DATA UNDER STUDY →
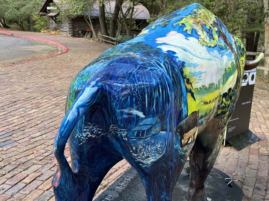 However, populations of bison are being reestablished , including the herd at the Prairie View Wildlife Park. The park took part in the bison-tennial, creating a bison sculpture named Buddy. Buddy features scenes of Native Americans of the Peoria Nation and early settlers, and is also adorned with local animals.
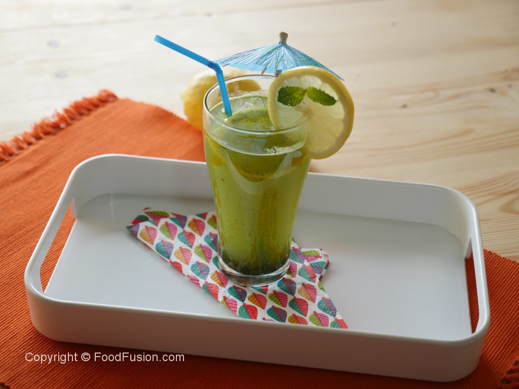 In blender,add  mint leaves,sugar,lemon juice,water and blend until well combined.
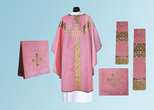 Gold metallic banding. Lined. Includes stole, maniple, burse and chalice veil.
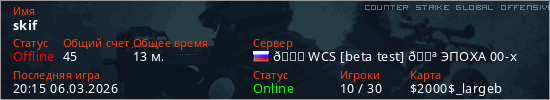 Играет на Counter Strike Global Offensive сервере. Страна: РоссияПервый раз замечен 17:53 06.03.2026
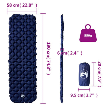 Matelas de camping gonflable 1 personne bleu marine 190x58x6 cm
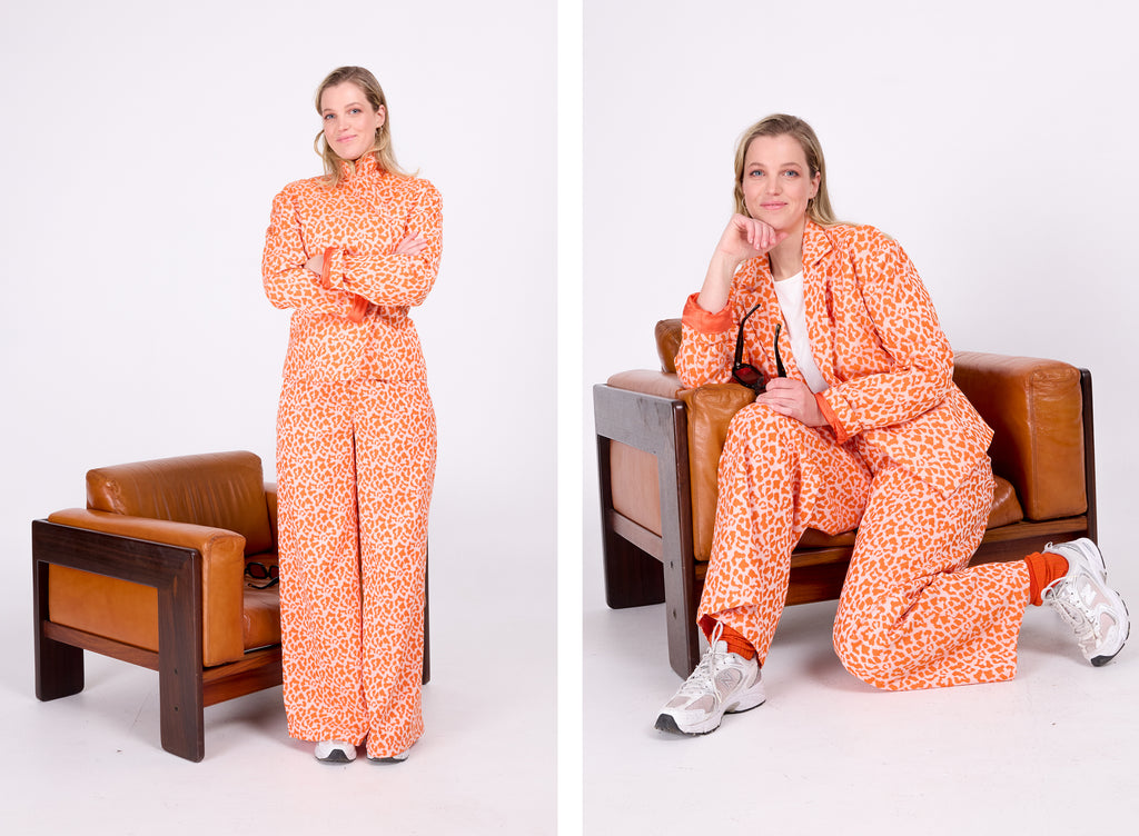 -"Ik ga voor deze broek en blazer in luipaardmotief. Supercomfortabel, maar ook een echt statement. Een typische Nathalie Vleeschouwer-look: vrouwelijk, elegant en super comfortabel."
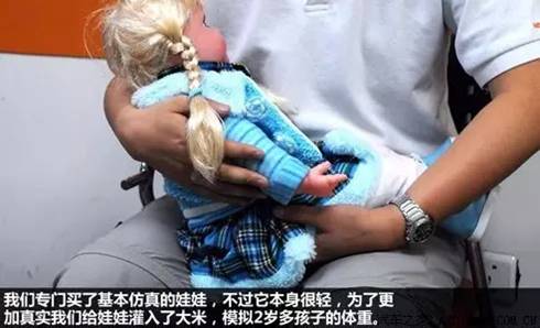 实验过程是大人用自己系安全带,然后怀抱孩子经历急刹车的过程。为了模拟更加真实,我们使用的是体内灌入了大约8公斤大米的娃娃,这个重量接近于2岁多孩子的体重。下面看看用与不用儿童安全座椅的实际效果是怎样的吧。
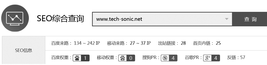 第一家企业网站每天有200个左右IP来自百度的访问,移动来路30个IP左右,出站链接28个,反链57个,整整多了一倍,对首页的内链只有25个,偏少。百度权重为1,移动权重为0(因为它们到现在为止还没有移动端网站),搜狗和谷歌权重都为4,在企业网站中算是权重高的。

WORK TASK → The lines from the one containing "实验过程是大人用自己系安全带" through the last line of the entries are to be copied exactly, both ends included, and the pictures are to be omitted.

RESPONSE AREA →
 实验过程是大人用自己系安全带,然后怀抱孩子经历急刹车的过程。为了模拟更加真实,我们使用的是体内灌入了大约8公斤大米的娃娃,这个重量接近于2岁多孩子的体重。下面看看用与不用儿童安全座椅的实际效果是怎样的吧。
 第一家企业网站每天有200个左右IP来自百度的访问,移动来路30个IP左右,出站链接28个,反链57个,整整多了一倍,对首页的内链只有25个,偏少。百度权重为1,移动权重为0(因为它们到现在为止还没有移动端网站),搜狗和谷歌权重都为4,在企业网站中算是权重高的。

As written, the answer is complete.